Aim of the exercise: Everything in the listing below from the line containing "INSstudios 国潮牌情侣美式小LOGO三条杠条纹卫衣重磅加绒连帽衫" through the line containing "โดยภาพจากกล้องวงจรปิดจะเห็นว่าเมื่อช่วงเวลา 23:00 น." must be repeated exactly; the remaining lines are not wanted.

Data for review:
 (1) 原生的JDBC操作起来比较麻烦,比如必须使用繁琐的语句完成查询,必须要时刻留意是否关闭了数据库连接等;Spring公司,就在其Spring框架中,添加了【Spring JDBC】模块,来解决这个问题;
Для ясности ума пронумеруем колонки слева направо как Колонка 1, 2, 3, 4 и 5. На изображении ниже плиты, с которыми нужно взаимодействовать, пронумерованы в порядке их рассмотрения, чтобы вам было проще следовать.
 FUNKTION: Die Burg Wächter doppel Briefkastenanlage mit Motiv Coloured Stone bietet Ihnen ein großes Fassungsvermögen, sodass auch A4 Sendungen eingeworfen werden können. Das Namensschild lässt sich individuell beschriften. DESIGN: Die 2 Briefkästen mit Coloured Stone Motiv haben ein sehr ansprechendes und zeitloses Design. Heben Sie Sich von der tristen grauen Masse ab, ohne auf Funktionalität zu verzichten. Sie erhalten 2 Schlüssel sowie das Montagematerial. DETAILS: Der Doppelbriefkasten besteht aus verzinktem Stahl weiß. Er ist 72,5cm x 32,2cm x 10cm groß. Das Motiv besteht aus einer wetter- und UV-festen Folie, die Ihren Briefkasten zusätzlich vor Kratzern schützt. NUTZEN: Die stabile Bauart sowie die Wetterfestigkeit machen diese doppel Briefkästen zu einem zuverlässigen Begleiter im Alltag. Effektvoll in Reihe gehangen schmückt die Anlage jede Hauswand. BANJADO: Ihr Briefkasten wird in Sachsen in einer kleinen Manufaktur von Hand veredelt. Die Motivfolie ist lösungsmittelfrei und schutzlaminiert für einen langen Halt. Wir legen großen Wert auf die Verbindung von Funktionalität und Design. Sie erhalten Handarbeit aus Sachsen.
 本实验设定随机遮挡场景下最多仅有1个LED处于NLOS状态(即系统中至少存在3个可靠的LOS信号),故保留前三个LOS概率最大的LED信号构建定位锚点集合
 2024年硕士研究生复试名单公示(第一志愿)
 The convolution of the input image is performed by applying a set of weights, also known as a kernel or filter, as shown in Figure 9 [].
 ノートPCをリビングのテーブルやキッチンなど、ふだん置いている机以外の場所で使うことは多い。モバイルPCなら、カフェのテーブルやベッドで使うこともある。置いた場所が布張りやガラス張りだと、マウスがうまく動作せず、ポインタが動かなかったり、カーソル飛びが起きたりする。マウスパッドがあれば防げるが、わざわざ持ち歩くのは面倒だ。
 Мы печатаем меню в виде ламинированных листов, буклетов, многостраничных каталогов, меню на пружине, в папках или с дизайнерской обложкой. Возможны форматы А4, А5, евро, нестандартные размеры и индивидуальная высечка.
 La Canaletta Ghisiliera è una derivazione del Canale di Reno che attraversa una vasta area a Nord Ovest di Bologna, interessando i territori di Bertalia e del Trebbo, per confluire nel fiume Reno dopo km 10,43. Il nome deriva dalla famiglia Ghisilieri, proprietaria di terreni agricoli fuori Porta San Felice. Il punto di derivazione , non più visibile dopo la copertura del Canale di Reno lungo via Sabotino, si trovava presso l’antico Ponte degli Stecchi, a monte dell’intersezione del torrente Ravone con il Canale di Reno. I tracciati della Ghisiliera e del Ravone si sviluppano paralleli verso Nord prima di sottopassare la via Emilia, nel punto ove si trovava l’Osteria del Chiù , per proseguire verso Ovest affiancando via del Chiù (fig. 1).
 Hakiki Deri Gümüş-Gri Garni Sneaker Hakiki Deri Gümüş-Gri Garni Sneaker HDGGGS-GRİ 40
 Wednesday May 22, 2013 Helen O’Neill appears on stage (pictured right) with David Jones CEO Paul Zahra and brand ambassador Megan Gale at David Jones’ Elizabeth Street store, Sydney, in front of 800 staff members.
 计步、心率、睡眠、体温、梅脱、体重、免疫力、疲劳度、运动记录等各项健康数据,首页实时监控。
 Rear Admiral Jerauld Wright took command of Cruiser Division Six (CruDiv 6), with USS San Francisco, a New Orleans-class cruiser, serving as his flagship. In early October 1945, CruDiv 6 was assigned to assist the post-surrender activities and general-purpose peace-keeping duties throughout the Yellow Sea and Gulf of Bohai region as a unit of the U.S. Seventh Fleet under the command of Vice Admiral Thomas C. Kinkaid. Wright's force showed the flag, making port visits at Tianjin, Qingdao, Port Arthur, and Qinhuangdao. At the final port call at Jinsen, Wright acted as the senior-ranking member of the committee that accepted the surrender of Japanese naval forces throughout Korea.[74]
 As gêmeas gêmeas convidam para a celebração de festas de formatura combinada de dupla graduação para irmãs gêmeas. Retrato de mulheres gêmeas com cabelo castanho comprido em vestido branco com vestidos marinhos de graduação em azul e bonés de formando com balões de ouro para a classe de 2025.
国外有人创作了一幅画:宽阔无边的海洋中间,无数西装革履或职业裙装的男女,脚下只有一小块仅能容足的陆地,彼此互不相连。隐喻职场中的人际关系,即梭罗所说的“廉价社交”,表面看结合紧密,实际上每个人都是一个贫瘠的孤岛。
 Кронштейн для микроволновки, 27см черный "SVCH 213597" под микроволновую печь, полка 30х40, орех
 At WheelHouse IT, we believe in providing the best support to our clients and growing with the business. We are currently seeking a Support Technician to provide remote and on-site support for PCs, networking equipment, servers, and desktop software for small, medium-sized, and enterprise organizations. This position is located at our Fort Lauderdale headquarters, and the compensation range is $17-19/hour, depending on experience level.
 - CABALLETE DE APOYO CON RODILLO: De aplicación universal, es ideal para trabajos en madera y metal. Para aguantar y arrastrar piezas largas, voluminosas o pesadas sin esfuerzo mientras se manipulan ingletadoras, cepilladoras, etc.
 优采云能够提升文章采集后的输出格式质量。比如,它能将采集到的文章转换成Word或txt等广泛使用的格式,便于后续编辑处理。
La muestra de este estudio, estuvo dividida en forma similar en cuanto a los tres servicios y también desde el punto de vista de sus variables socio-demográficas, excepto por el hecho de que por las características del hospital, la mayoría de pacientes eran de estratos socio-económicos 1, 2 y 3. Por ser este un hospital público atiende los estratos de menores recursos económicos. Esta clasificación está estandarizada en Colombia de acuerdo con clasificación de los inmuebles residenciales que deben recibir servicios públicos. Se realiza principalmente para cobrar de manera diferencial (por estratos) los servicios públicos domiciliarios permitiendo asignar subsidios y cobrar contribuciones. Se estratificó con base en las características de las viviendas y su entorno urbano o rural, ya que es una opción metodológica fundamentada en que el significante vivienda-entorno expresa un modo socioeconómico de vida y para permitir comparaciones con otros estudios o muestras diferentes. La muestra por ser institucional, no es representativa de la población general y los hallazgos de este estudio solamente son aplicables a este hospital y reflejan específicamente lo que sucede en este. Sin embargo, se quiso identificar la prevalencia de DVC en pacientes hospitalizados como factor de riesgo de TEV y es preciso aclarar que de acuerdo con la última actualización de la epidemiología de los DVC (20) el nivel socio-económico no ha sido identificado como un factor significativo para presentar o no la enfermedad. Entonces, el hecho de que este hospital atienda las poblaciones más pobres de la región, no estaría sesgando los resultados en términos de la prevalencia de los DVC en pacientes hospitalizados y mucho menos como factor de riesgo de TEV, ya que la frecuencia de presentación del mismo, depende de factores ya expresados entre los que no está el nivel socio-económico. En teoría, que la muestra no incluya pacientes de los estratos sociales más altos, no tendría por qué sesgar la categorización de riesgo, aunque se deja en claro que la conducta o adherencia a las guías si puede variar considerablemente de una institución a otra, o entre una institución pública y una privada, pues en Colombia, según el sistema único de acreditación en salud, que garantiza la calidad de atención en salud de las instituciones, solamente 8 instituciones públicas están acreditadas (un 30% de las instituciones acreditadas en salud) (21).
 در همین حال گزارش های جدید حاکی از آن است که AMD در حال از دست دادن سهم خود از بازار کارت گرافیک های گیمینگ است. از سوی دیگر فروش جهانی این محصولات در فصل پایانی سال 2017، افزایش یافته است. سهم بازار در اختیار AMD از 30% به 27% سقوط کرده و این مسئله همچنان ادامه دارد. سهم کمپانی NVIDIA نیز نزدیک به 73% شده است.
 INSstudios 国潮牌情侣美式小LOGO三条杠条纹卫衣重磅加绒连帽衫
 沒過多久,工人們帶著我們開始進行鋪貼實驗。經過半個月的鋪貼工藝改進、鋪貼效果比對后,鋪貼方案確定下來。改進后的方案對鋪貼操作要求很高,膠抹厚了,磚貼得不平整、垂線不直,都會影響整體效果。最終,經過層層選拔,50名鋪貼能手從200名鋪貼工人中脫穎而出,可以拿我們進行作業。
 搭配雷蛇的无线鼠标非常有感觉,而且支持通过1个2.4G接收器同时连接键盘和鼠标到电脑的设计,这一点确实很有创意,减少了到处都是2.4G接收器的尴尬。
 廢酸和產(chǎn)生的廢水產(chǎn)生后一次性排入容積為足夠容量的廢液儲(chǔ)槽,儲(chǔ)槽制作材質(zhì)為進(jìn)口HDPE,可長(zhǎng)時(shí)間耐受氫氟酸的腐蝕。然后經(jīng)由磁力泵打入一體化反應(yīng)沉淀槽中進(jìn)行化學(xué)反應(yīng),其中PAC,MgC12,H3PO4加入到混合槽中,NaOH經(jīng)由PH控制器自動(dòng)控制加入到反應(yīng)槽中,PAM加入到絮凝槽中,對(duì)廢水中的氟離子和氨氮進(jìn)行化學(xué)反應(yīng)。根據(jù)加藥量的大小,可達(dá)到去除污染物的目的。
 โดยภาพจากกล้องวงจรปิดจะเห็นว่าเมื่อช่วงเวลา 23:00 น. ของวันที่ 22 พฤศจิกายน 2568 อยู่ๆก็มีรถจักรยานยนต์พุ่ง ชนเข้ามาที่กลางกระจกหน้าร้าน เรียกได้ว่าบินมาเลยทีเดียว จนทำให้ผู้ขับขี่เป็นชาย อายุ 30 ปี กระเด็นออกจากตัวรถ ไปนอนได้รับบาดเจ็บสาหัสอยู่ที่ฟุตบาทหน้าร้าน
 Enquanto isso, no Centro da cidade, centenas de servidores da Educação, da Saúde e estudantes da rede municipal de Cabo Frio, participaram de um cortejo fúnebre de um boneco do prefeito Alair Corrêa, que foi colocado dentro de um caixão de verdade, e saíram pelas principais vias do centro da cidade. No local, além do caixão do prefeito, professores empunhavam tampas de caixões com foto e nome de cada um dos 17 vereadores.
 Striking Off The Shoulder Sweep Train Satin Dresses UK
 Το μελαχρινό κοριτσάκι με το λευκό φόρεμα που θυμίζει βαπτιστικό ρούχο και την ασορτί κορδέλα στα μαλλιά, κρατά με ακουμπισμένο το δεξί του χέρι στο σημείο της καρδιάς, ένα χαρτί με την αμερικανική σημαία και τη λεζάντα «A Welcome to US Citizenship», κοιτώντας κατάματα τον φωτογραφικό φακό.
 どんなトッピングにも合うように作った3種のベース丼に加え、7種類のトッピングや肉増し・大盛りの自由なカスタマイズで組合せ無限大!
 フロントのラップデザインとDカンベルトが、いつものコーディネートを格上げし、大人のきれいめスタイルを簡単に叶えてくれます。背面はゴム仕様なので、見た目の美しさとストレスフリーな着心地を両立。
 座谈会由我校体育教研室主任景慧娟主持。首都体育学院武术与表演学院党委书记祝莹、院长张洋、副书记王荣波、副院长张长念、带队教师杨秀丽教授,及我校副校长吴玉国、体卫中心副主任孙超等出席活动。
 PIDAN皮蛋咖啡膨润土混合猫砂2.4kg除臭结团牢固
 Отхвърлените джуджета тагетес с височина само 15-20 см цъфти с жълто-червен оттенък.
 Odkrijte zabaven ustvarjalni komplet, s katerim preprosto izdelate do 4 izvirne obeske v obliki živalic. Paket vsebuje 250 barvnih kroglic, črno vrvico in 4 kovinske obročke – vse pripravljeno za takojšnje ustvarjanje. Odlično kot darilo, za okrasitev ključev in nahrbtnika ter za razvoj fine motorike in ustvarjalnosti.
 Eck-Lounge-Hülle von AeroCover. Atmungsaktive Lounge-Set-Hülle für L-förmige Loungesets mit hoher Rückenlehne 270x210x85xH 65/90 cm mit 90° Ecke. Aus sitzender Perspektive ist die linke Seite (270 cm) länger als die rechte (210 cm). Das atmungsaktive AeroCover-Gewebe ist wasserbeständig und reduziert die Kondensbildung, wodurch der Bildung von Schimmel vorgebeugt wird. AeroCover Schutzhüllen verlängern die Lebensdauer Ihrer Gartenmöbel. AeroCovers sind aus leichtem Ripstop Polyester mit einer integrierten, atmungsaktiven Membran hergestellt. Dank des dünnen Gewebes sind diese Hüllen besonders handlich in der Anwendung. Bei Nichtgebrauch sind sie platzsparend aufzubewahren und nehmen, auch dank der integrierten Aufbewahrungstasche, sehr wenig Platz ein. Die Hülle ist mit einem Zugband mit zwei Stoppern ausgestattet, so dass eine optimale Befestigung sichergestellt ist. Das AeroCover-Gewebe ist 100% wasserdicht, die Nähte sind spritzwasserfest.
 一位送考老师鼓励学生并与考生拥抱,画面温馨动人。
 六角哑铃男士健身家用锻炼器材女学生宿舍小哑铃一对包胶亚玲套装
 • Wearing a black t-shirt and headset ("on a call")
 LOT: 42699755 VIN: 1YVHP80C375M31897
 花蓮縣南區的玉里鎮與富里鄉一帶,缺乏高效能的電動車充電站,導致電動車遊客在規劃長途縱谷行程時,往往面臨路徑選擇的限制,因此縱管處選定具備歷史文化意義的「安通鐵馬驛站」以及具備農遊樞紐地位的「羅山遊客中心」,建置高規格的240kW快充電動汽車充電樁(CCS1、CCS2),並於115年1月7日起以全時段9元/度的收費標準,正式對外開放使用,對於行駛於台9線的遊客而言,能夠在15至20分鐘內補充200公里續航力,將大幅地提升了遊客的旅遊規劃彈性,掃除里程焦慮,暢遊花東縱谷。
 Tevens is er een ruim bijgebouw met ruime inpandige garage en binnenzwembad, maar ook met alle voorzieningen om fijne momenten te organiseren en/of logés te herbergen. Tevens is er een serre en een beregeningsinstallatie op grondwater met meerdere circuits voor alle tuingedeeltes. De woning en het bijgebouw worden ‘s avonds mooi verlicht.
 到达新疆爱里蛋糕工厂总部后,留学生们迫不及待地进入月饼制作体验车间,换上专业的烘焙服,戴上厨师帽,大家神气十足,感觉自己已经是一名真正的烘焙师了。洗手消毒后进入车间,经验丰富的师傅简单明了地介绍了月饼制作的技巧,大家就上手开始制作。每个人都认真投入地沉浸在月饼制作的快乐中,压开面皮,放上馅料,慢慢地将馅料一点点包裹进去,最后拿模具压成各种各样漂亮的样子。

Final answer:
 INSstudios 国潮牌情侣美式小LOGO三条杠条纹卫衣重磅加绒连帽衫
 沒過多久,工人們帶著我們開始進行鋪貼實驗。經過半個月的鋪貼工藝改進、鋪貼效果比對后,鋪貼方案確定下來。改進后的方案對鋪貼操作要求很高,膠抹厚了,磚貼得不平整、垂線不直,都會影響整體效果。最終,經過層層選拔,50名鋪貼能手從200名鋪貼工人中脫穎而出,可以拿我們進行作業。
 搭配雷蛇的无线鼠标非常有感觉,而且支持通过1个2.4G接收器同时连接键盘和鼠标到电脑的设计,这一点确实很有创意,减少了到处都是2.4G接收器的尴尬。
 廢酸和產(chǎn)生的廢水產(chǎn)生后一次性排入容積為足夠容量的廢液儲(chǔ)槽,儲(chǔ)槽制作材質(zhì)為進(jìn)口HDPE,可長(zhǎng)時(shí)間耐受氫氟酸的腐蝕。然后經(jīng)由磁力泵打入一體化反應(yīng)沉淀槽中進(jìn)行化學(xué)反應(yīng),其中PAC,MgC12,H3PO4加入到混合槽中,NaOH經(jīng)由PH控制器自動(dòng)控制加入到反應(yīng)槽中,PAM加入到絮凝槽中,對(duì)廢水中的氟離子和氨氮進(jìn)行化學(xué)反應(yīng)。根據(jù)加藥量的大小,可達(dá)到去除污染物的目的。
 โดยภาพจากกล้องวงจรปิดจะเห็นว่าเมื่อช่วงเวลา 23:00 น. ของวันที่ 22 พฤศจิกายน 2568 อยู่ๆก็มีรถจักรยานยนต์พุ่ง ชนเข้ามาที่กลางกระจกหน้าร้าน เรียกได้ว่าบินมาเลยทีเดียว จนทำให้ผู้ขับขี่เป็นชาย อายุ 30 ปี กระเด็นออกจากตัวรถ ไปนอนได้รับบาดเจ็บสาหัสอยู่ที่ฟุตบาทหน้าร้าน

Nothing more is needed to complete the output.